- **Work instructions**
Copy the first line of the entries below and every line after it through the line containing "Balionas skaičius-6 folijos". Do not include pictures.

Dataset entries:
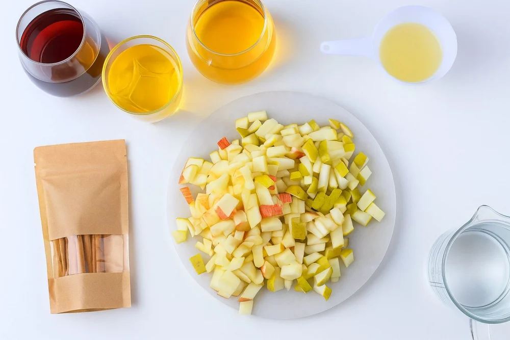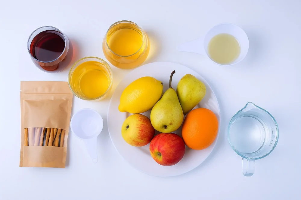 Выложите нарезанные яблоки, груши, апельсин и лимон в большой стеклянный кувшин. Влейте виноградный, гранатовый и яблочный соки. Оставшийся лимон разрежьте пополам, выжмите из него сок прямо в кувшин. Для насыщенного вкуса и аромата уберите напиток в холодильник минимум на 3 часа, а если есть время, оставьте на ночь.
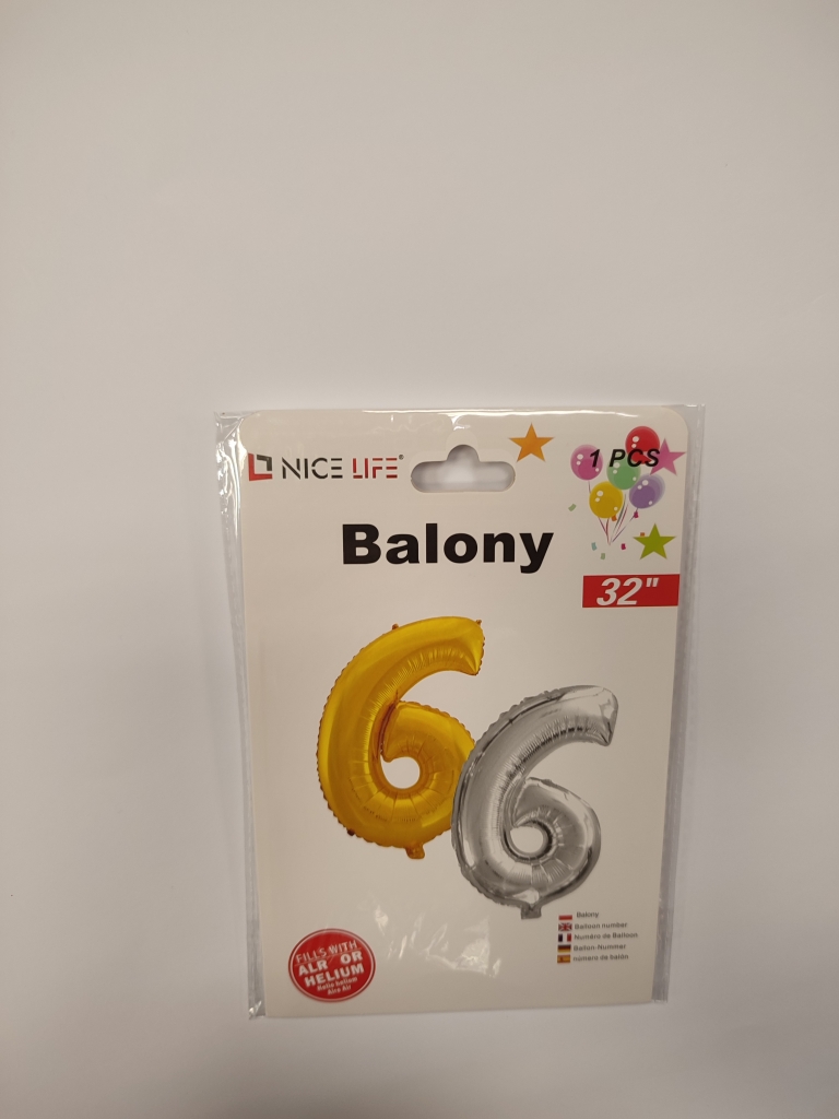 Balionas skaičius-6 folijos 80cm auksinis arba sidabrinis
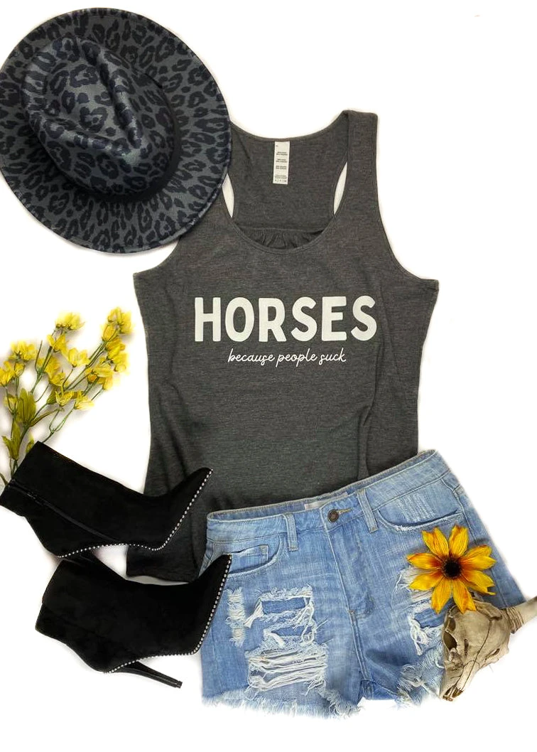 - Express your unique style with The Cinchy Cowgirl Charcoal Horses Because People Suck Tank Top. Featuring a bold graphic design, this tank top is perfect for casual outings or lounging.
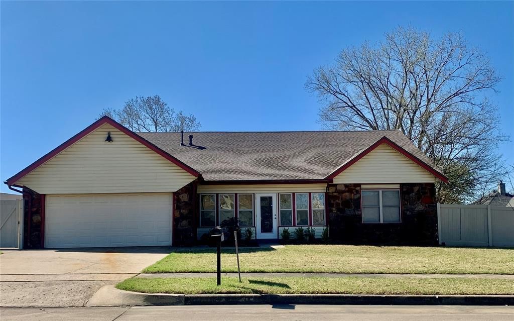 Back on the market at no fault to the seller with a new price!! Get ready to fall in love with this well maintained, move-in ready home that mixes vintage cool with that updated new feel, tucked away in (no HOA) Oak Creek South neighborhood. This One Owner, 1.5 story home sits on a .25 acre corner lot with a 2026 NEW roof, new interior paint, Granite countertops throughout, new light fixtures, a security system, a spacious backyard with a 6ft vinyl privacy fence, a outbuilding, a double gate access & extra parking for a boat/trailer/RV/etc. The moment you step inside the enclosed front porch/sunroom into the home, you'll notice the welcoming stone fireplace with an insert, a wooden bookcase & a staircase going upstairs. Conveniently located downstairs is the 1/2 bath for guests, the dining area & kitchen featuring a box window looking out to the backyard, granite countertops, a flat cooktop stove, built-in wall oven, microwave, disposal & dishwasher. The utility room adjoins the kitchen & leads to the 2 car garage. Also the primary bedroom is located downstairs with 2 walk-in closets, granite vanity & shower tub combo. Going upstairs is a loft-like study which looks down to the living room below, the 4th bedroom can offer endless versatility, extra spacious, it can be used as a media room, recreational space, guest suite, office or any combination that fits your lifestyle. This location has great highway & turnpike access making it convenient for everyday travel. Located close to schools, shopping, dining & everything Broken Arrow has to offer. Don't miss out on this great opportunity.
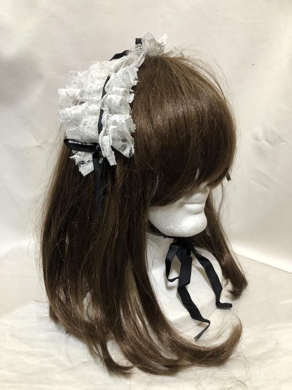 総レースボリュームフリルヘッドドレス(小):白レース×黒リボン
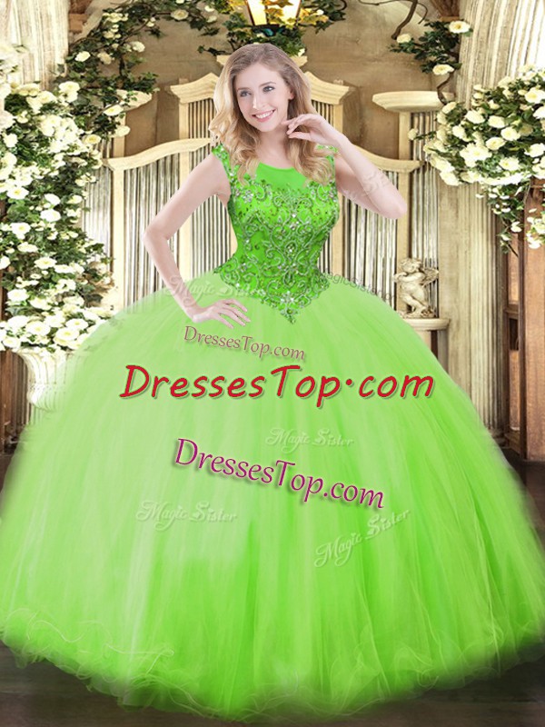 Custom Fit Floor Length 15 Quinceanera Dress Tulle Sleeveless Beading
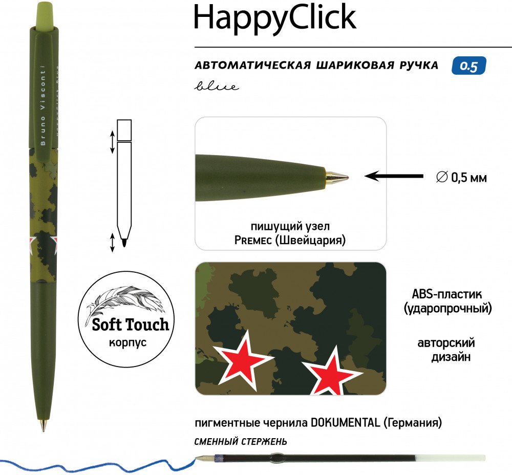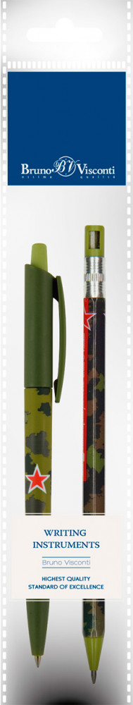 Bruno Visconti Набор «Happyclick. FunGraphix. Милитари»В данный момент этот товар отсутствует в продаже. Возможно, у нас найдется аналогичный или похожий товар здесь. Тактильно приятная, имеющая надежный и простой нажимной механизм с бесперебойной подачей стержня, ручка «HappyClick» от Bruno Visconti станет неизменным помощником в учебе и работе. Комфортный корпус изготовлен из ABS-пластика, что обеспечивает высокую ударопрочность, износостойкость. Бархатное покрытие Soft Touch гарантирует комфортное письмо, рука не устанет при длительном использовании. Удобный пластиковый клип на колпачке позволяет закрепить ручку, например, на ежедневнике, тетради, блокноте. Мягкость, качество письма и тонкость линии 0.38 мм гарантированы производителями пишущего узла — всемирно известной компанией Premec (Швейцария) и чернил — немецким производителем Dokumental. Шестигранный корпус механического карандаша «FunGraphix» изготовлен из ударопрочного пластика и имеет на конце точилку для заточки грифеля. Сам грифель увеличенного диаметра −2 мм, имеет степень жесткости HB. Оптимальный вариант для скетчинга и зарисовок. Но станет отличным помощником в учебе или работе офиса. |
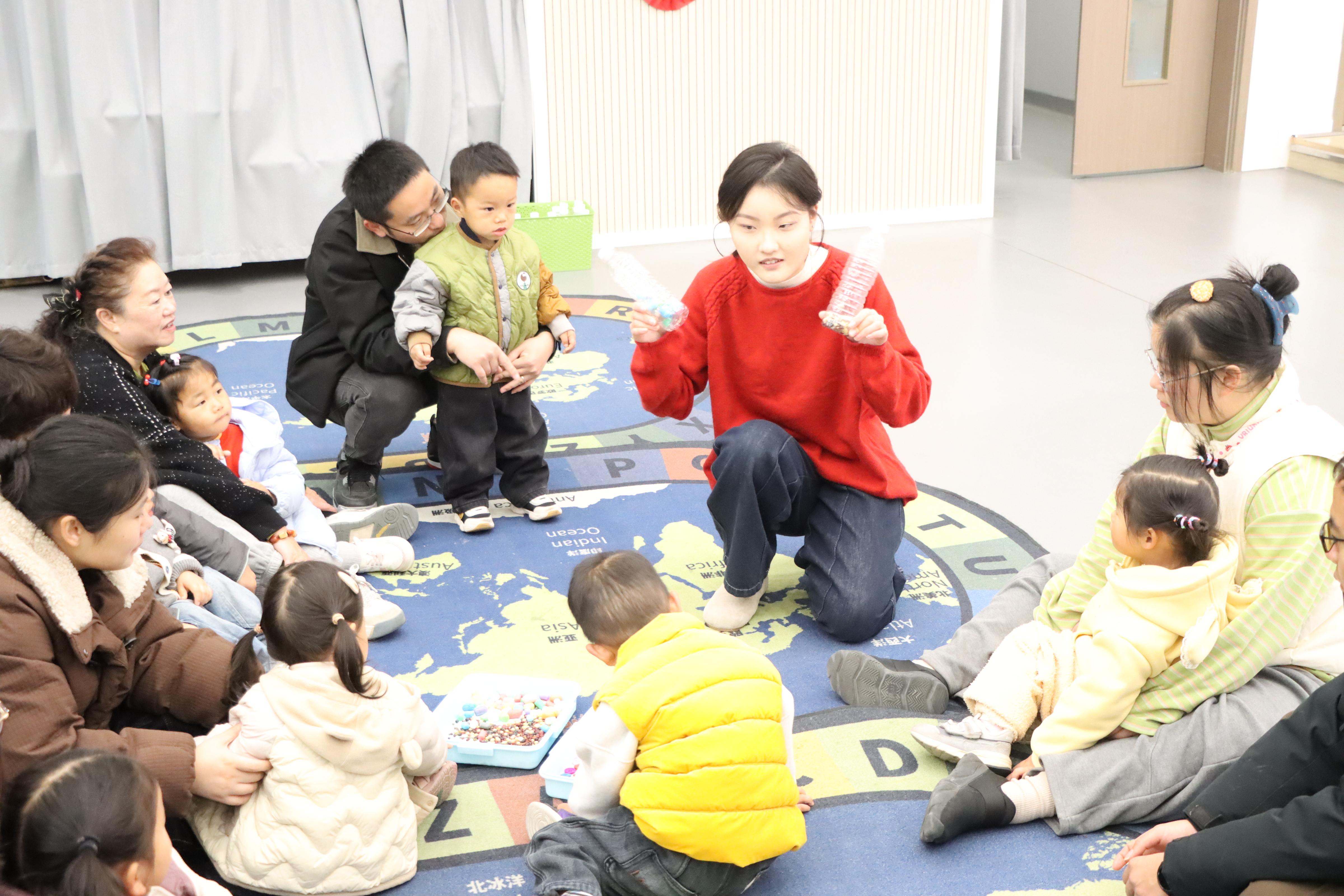 “小朋友们,你们看这个红红的、圆圆的叫什么呀?”活动中,老师指着墙上挂着的灯笼,笑着向孩子们提问。宝宝们仰着小脸,纷纷伸出小手比划:“灯——笼!”在轻快的春节乐曲中,老师带领家长和孩子一起认识现场布置的各式新年装饰,从春联到“福”字,从彩带到年画,一边讲解习俗,一边互动跟读。随后的创意音乐环节更是笑语不断:“我们把纽扣装进瓶子里,摇一摇,听听是什么声音?”一位妈妈握着宝宝的手轻轻晃动瓶子,宝宝眼睛一亮:“哗啦啦,像下雨!”通过不同的动作与节奏变化,孩子们在游戏中感知音乐,萌发最初的艺术感知。

- **Answer to this exercise**
 Выложите нарезанные яблоки, груши, апельсин и лимон в большой стеклянный кувшин. Влейте виноградный, гранатовый и яблочный соки. Оставшийся лимон разрежьте пополам, выжмите из него сок прямо в кувшин. Для насыщенного вкуса и аромата уберите напиток в холодильник минимум на 3 часа, а если есть время, оставьте на ночь.
 Balionas skaičius-6 folijos 80cm auksinis arba sidabrinis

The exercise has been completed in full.